2 minute read

Sabine Weiss. Introduction by Virginie Chardin

12.5 × 19 cm 144 pages 65 black & white and color photographs softback photo poche n° 166 june 2021 retail price: 13 €

Virginie Chardin is an independent curator and a specialist in photography and images who curated the exhibitions “Willy Ronis in Paris” (Hôtel de Ville, Paris and Beijing’s Capitale Museum, 2005), and “Sabine Weiss” (Jeu de Paume/Château de Tours, 2016). She has been an image consultant for the Chalon-sur-Saône festival (1998-2000), prize director at the Rencontres d’Arles festival (2002-2003) and for the Mois de la Photo festival in Paris (2004). She has also published Séeberger Frères (Actes Sud, “Photo Poche” collection, 2006) and Ernst Haas (Actes Sud, “Photo Poche” collection, 2010).

Introduction by Virginie Chardin

Over her career Sabine Weiss has been artistically prolific and made a major contribution to French humanist photography, a genre that includes the greats such as Robert Doisneau, Willy Ronis and Brassaï.

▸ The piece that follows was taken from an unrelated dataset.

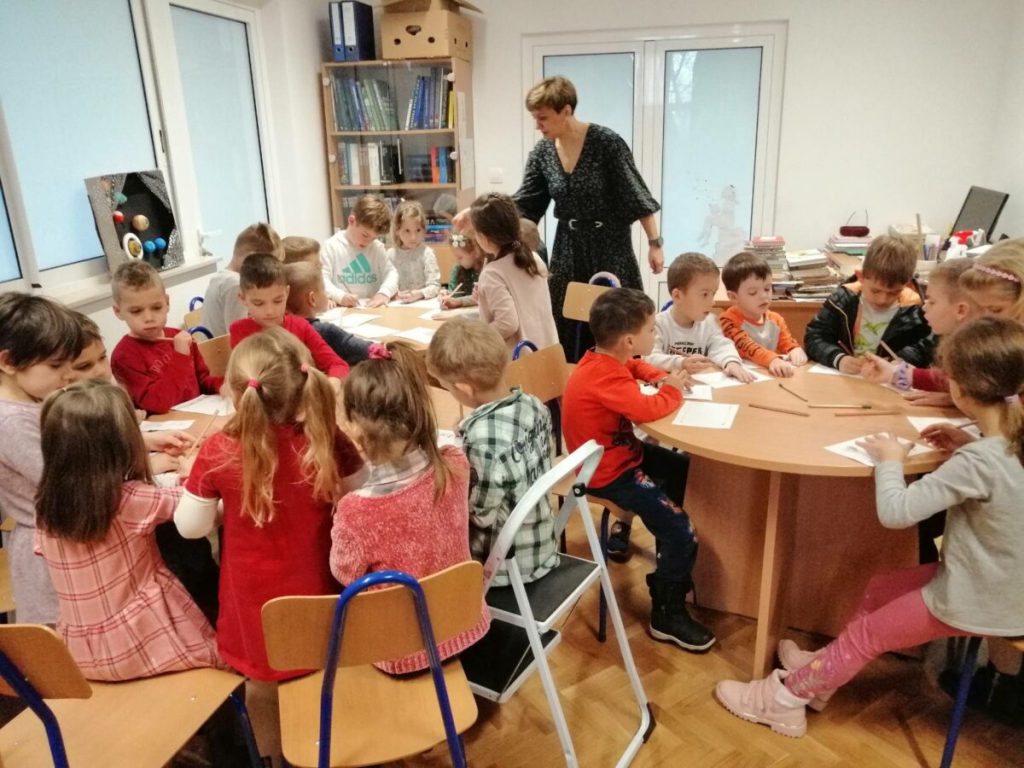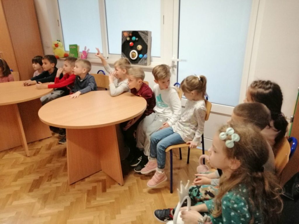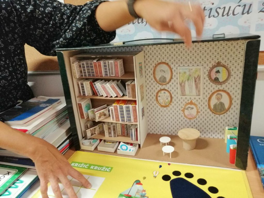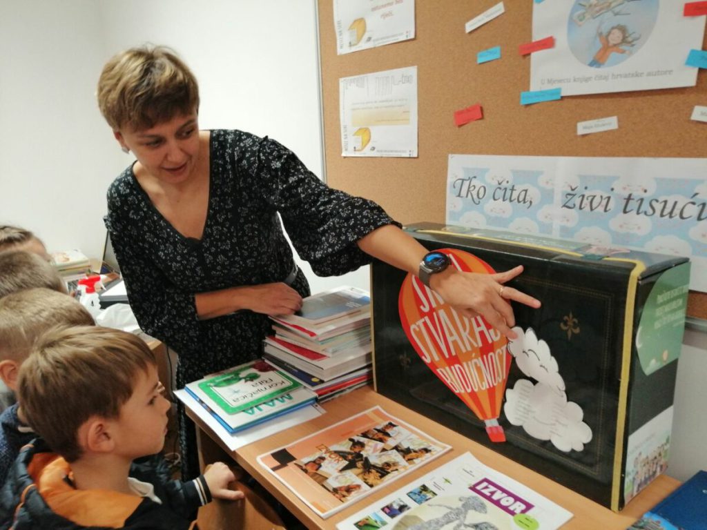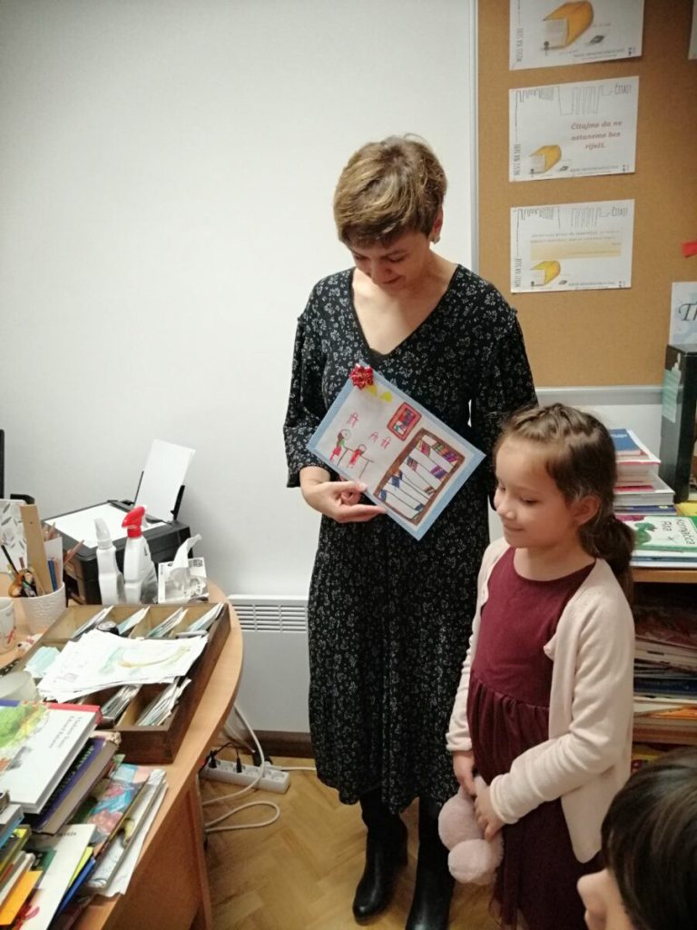 Balončići su knjižničarki nacrtali crtež za uspomenu i pogledali što se nalazi u putujućem kovčegu priča.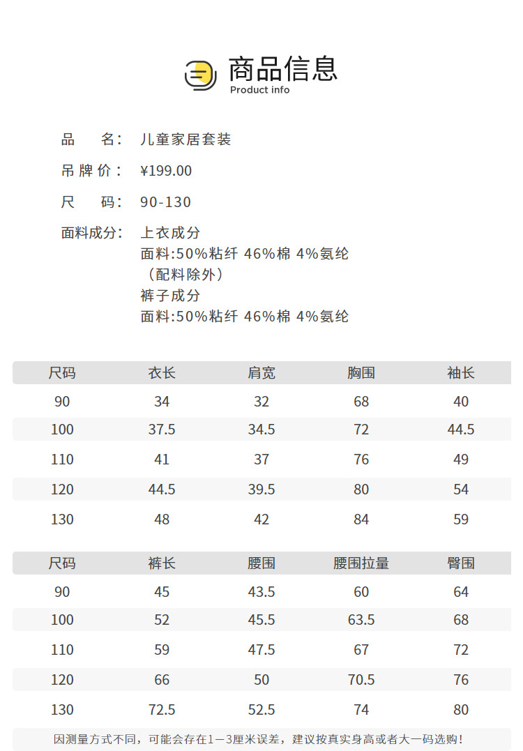 商品名称:儿童睡衣套装男童女童长袖套装春秋小童家居服柔软宽松打底可外穿 298053

Weiss clearly enjoys encountering people. Her curiosity knows no bounds and she constantly observes everyone, unknowns and celebrities alike. She is also a technical perfectionist. Born in 1924, she decided to become a photographer at the age of 18. She arrived in Paris in 1946 to become an assistant to Willy Maywald and has worked in a number of fields from illustration to documentary and from portraiture to fashion and advertizing. In 1950, she married the American painter Hugh Weiss and went on to photograph a number of artists, joining the Rapho agency in 1952 through the intermediary of Robert Doisneau. A perfect English speaker, she was often sent abroad and collaborated closely with the Rapho Guillumette agency (directed by Charles Rado in New York). Her exhibitions at the MoMA (“Post-War European Photography” (1953) and “The Family of Man” (1955) and the Chicago Art Institute (1954), shortly before the French National Library started showing her work in 1953, brought her international recognition. It was not until 1978, and the huge public acclaim that followed a retrospective in Arras and two solo exhibitions, that she started working in black and white again. Several recent exhibitions, especially the retrospective at the Jeu de Paume Museum in the Château de Tours in 2016 and at Paris’s Pompidou Center exhibition in 2018, show that reassessment of her archives and work has only just begun. In 2020, Kering and the Rencontres de la Photographie d’Arles awarded her the Women in Motion prize to cap an exceptional career. A tribute exhibition will be staged at the next Rencontres d’Arles in 2021. Sabine Weiss has donated her archives to the Musée de l’Élysée in Lausanne and they will be conserved and promoted at the new Plateforme 10 museum in autumn 2022.